§ WHAT IS NEEDED: Your answer is every line of the material below in which the string "Punto" occurs.
-------
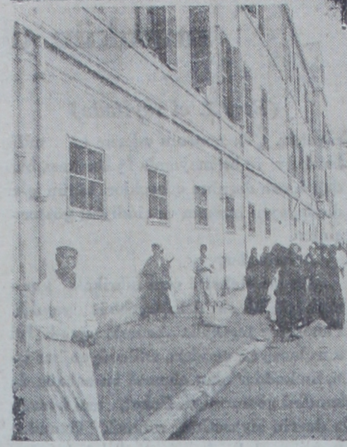
Hastanede yaralıları görmeğe gelenler

Şu halde İngiltere ne için 923 kanununun iadesini hoş gözle görmüyor? Bunu Nahas paşanın diyevi şöyle anlatıyor: İngiltere Mısır'ın iç işle-
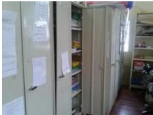
Figura 29 – Armários para documentos
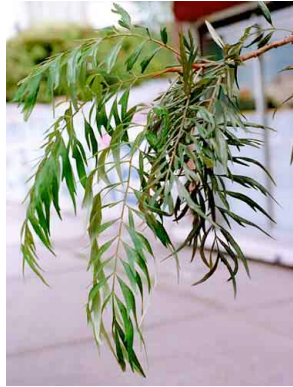
33 Grevillea robusta PROTEACEAE Grevilia
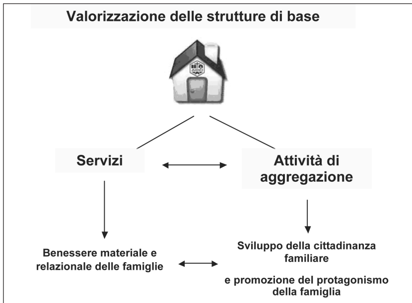
Fig. 3 - Specificità del Punto Famiglia delle Acli

All'interno di questa filosofia, i dieci passi da compiere per aprire un Punto famiglia sono, in estrema sintesi:
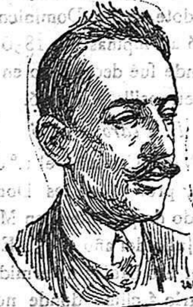
Retrato de Mateo Moral
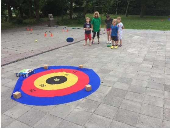
Sportdag groep 1 t/m 4: groep 8 begeleidt de groepjes.
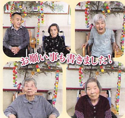
お願い事も書きました!
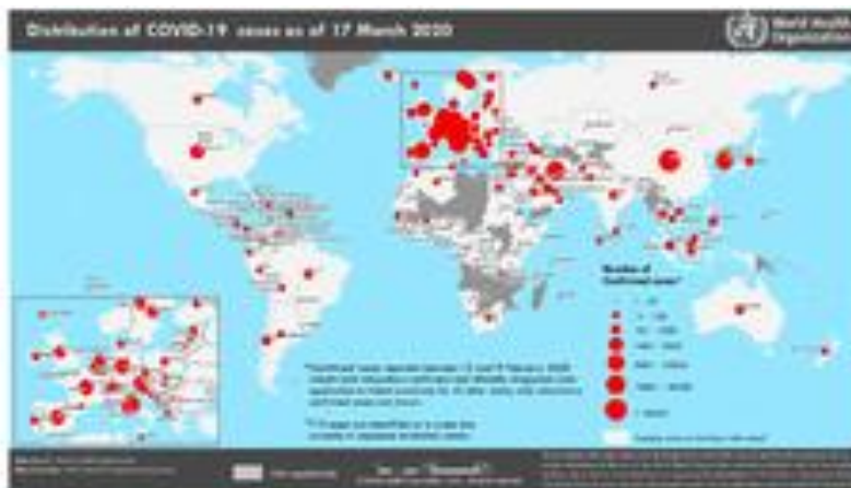
Distribution du Covid-19 au 17 mars 2020 (la légende de cas confirmés est observée avec les bulles rouges). Sources (OMS Coronavirus disease 2019 (Covid-19) Situation Report – 57).

Étant donné le manque de thérapie antivirale efficace contre Covid-19, les traitements actuels sont principalement concentrés sur le soutien symptomatique et respiratoire. L'OMS recommande l'oxygénation par membrane extracorporelle (ECMO-respirateur artificiel) aux patients souffrant d'hypoxémie réfractaire (Bajema KL et al). Des traitements de secours avec plasma de convalescence et immunoglobulines G sont délivrés à certains cas critiques en fonction de leur état clinique (Chen L et al).
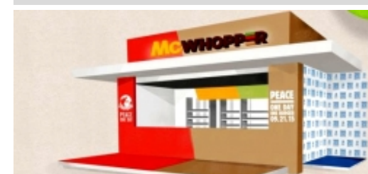
El McWhopper: la unión de Burger King y McDonald's por el día de la Paz
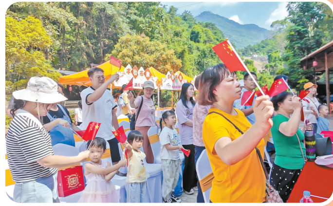
▲商家纷纷自发悬挂五星红旗,营造节日氛围。
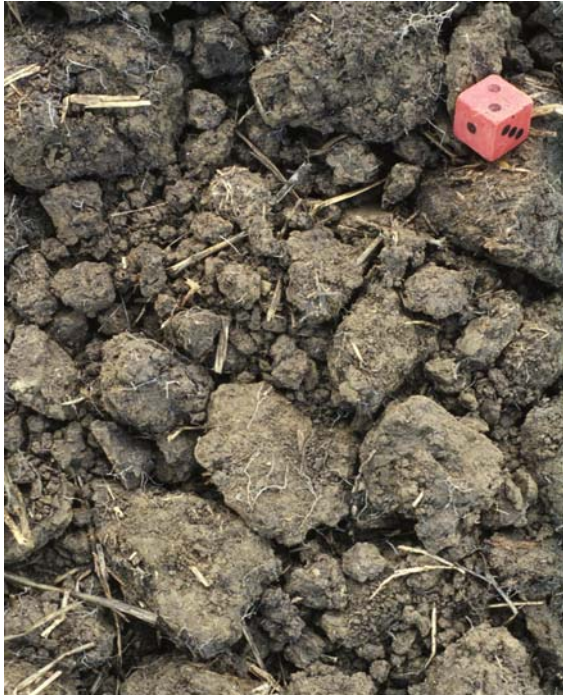
Abb. 33: Bröckelgefüge sind typische Gefü- geformen der Unterkrume (Gefügenre 2–3)
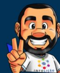
Ilustração de capa: Adinan Batista
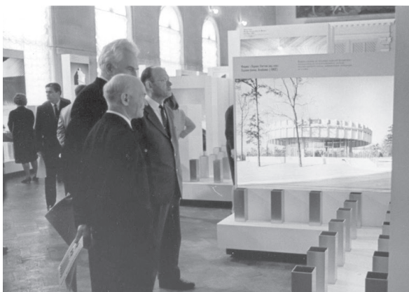
Выставка «Архитектура США», Ленинград, 1965 г.

К каждой выставке, которая проводилась ЮСИА, агентство подбирало русскоговорящих гидов, по возможности разбирающихся в ее предмете. В их обязанности входило не только рассказывать об экспонатах, но и отвечать на любые вопросы, которые могли быть интересны советским посетителям. Американский исследователь Томас
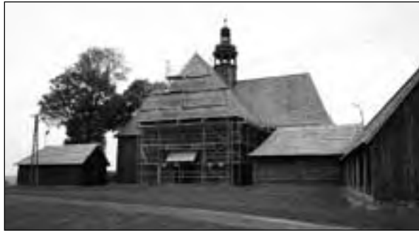
Pólko od strony północnej podczas remontu

mocą Urzędu Gminy Bralin cieszą się wszelkie inicjatywy promujące to szczególne i drogie nam miejsce, co mogliśmy widzieć przy realizacji podświetlanej Tablicy Informacyj-
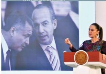
LA PRESIDENTA Claudia Sheinbaum, durante su conferencia mañanera, ayer.
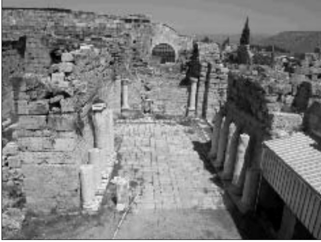
Resim 1: Güney Roma Hamamı'nın apodyterium bölümü
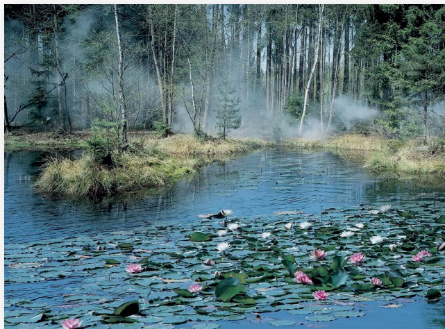
Inspiration für Dvořáks Sinfonie Nr. 8: Landschaft bei Vysoká u Píbramě

tonmotiv fortissimo in den Hörnern, Akkordbrechungen im Klavier und vollgriffige Kaskaden mit Viertongriffen in jeder Hand. Dieser Einstieg wurde fast so bekannt wie der zu Beethovens fünfter Sinfonie. Dass ukrainische Volkslieder und (im zweiten Satz) ein französisches Chanson melodisches Material von größtem Reiz liefern, sollte aber nicht vergessen werden – schließlich sind die lyrischen Anteile dieses Kraftkonzerts nicht minder bemerkenswert. „Viel Poesie“, das hatte ja Tschaikowsky selbst attestiert.
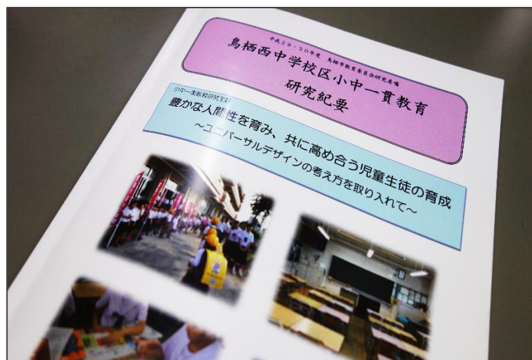
2年間の実践を集積した『研究紀要』

次年度以降も、この2年間の課題を精査し克服しながら研究の成果をより確かなものにしていきたいと考えております。保護者の皆様には今後も一層のご支援を賜りますようお願い申し上げます。
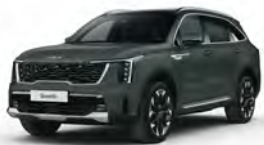
Zelená Cityscape (CGE)
-------
§ COMPLETED TASK:
Fig. 3 - Specificità del Punto Famiglia delle Acli
All'interno di questa filosofia, i dieci passi da compiere per aprire un Punto famiglia sono, in estrema sintesi:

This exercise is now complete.